I am currently plea bargining (bribes too!) with our trainer's husband who was videotaping her little band of students. I give youtube a fifty/fifty, lol.


----------



## kgiff (Jul 21, 2008)

goldengirls550 said:


> Haha. Idk... Layla's pretty funny when they come out with the ribbons. She tries her hardest to grab one from the steward... :doh:


My puppy is the same way. He doesn't. stop. bouncing. until I hand him the ribbon. :uhoh:


----------



## goldengirls550 (Jun 12, 2008)

kgiff said:


> My puppy is the same way. He doesn't. stop. bouncing. until I hand him the ribbon. :uhoh:


Lol. Yep. Layla doesn't care how she does as long as she gets to carry a ribbon to her crate :


----------



## AquaClaraCanines (Mar 5, 2006)

Good job! 

As for the shoes, I'd have done the same thing, probably. I live in my slides, and now that I can see and reach my toes, they're pretty and I want to show them off LOL


----------



## sammydog (Aug 23, 2008)

Ljilly28 said:


> I am currently plea bargining (bribes too!) with our trainer's husband who was videotaping her little band of students. I give youtube a fifty/fifty, lol.

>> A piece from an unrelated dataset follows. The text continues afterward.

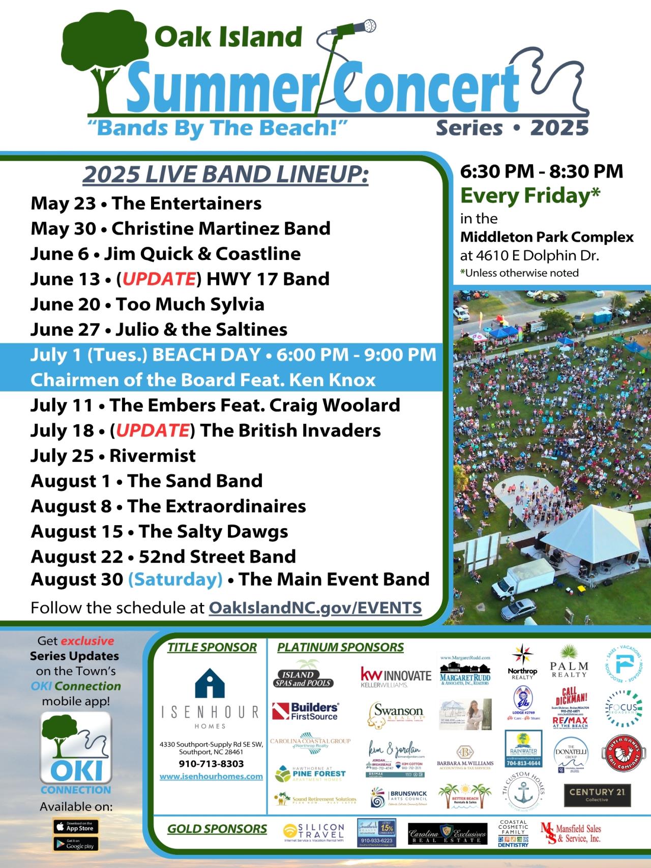 The sun is out, the fun is back, and the “Bands by the Beach” are once again ready to rock, groove, swing and swoon their way through the soundtrack of your perfect summer! For 16 weeks on Fridays from 6:30 pm to 8:30 pm at the Middleton Park Ampitheater, we turn the amps up to “11” and come together for the annual Town of Oak Island Summer Concert Series.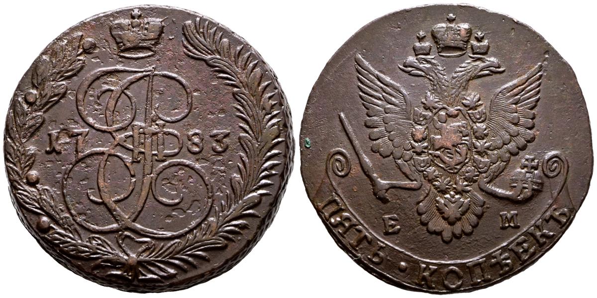 RUSIA, Catalina II (1762-1796). 5 Kopeks. (Ae. 58,78g/42mm). 1783. Ekaterinburgo EM. (Km#C59). MBC+. Marquitas en anverso.

I wanna see the video! Do you have your good runs too?


----------



## MaddieMagoo (Aug 14, 2007)

Ha...this is the funniest story I've heard! Nice job though! (despite the missing shoe!) I will train in flip flips but will never show in them...lol.


----------



## Ljilly28 (Jan 22, 2008)

Tally emerged completely victorious from Rally Field Day, winning every single event and beating 3 border collies and two aussies among others(No other goldens)! What is this you ask? Well,there is Rally Ambush, in which handlers walk the course but every few signs are face down. You don't see them til youre on-the-spot. There is the egg race in which the handler&dog must do the whole course while balancing a cookie or an egg on a spoon- drop it and NQ. There is a big relay race in which teams jog through 21 signs. . . Tally and my favorite is a complicated game in which you sit at a sign in the middle between each sign. You have to memorize level 1,2,3,4,5 signs and do one of each before starting over at level one. You do as many as you can before three minutes runs out. Level 5 signs are worth the most points, but you have to stay in chronological order and just race through s many as you can do properly without messing up what degree of difficulty, say, a pivot left is compared to a moving down. . .. Tally was Varsity Rally last night! I think this is all meant to improve reflexes, sign reading, and problem solving under pressure, but it gets pretty intense, lol.


----------



## DCPakaMOM (Feb 15, 2009)

Go Tally - beat those black and white dogs!!! Woo Hoo!!! Tally the flip flop retriever.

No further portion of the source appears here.